Open Source OLAP

Every month I review the web traffic reports for my blog, and I’ve always found something rather interesting. Even though I post more information about Oracle and OWB than any other subject, Google seems to send me more traffic from queries like “open source ETL” and “open source OLAP.” You know what they say, customer is king and you gotta give ’em what they want!

In other words, all I needed was just a teentsee weentsee bit of an excuse to take some time to really kick the tires of the open source OLAP server Mondrian.

Some basics… Mondrian is an open source OLAP server, written in Java. It implements an MDX engine, and also exposes an XML/A interface to clients. Mondrian uses a ROLAP architecture, and ends up issuing SQL statements to a JDBC data source to retrieve and calculate. Mondrian works with Access, MySQL, postgres, and Oracle. Refer to the Mondrian architecture pages to get some more information about the architecture.

My overall impressions were positive; it’s a good core set of functionality and performs rather well. Like any Open Source project it is an alphabet soup of supporting libraries, environment variables, generators, frameworks, and takes more than the usual 10 minute commercial product install. We’re not building a kernel here, but it’s not trivial to get the examples up and running.

Mondrian works closely (and appropriately) with an open source implementation of a JSP based Pivot and Charting project, JPivot. The demo for Mondrian includes an example with JPivot querying Mondrian and uses the well known Food Mart demo. I was expecting a bit less from JPivot and was pleasantly surprised that it’s actually rather functional (not commercial product easy to use, but really quite commendable).

JPivot allows for drilling down hierarchies (I don’t think you can use multiple hierarchies) and Pivoting and exhanging the columns and rows. It has a “CUBE” editor that allows you to edit the report. It’s not drag and drop, but definitely works if you “grok” the interface.

Also pleasantly surprising was some pretty decent charting capabilities.
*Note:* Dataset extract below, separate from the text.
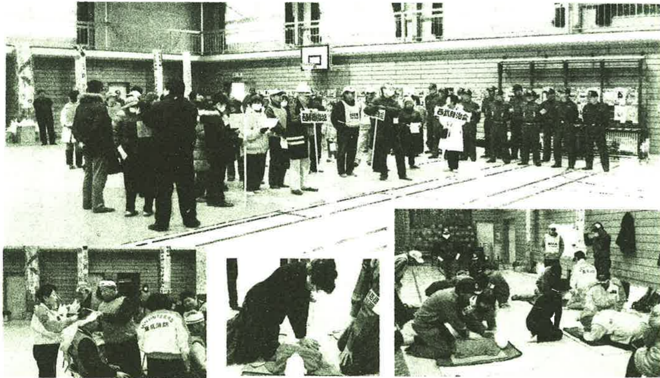
三角巾による応急手当
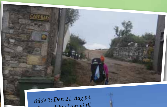
Bilde 4: Etter 24 dager nærmet vi oss Samos.

There are some decent selections of charts

In order to provide an OLAP view of your data you have to define some metadata about your Dimensional model (Cubes, Measures, Dimensions) and how they map to your underlying Relational Schema. Check out the samples on the Mondrian site to see how to write your own schema.

Couple of interesting things to point out, Mondrian implements a cache of “relations” used to increase performance. This is interesting because of consistency questions (some fragments are cached, but others are current) but also because it is WICKED fast once it’s loaded into memory. There are some interesting possibilities here, including some work with some distributed P2P OLAP distributed caching research.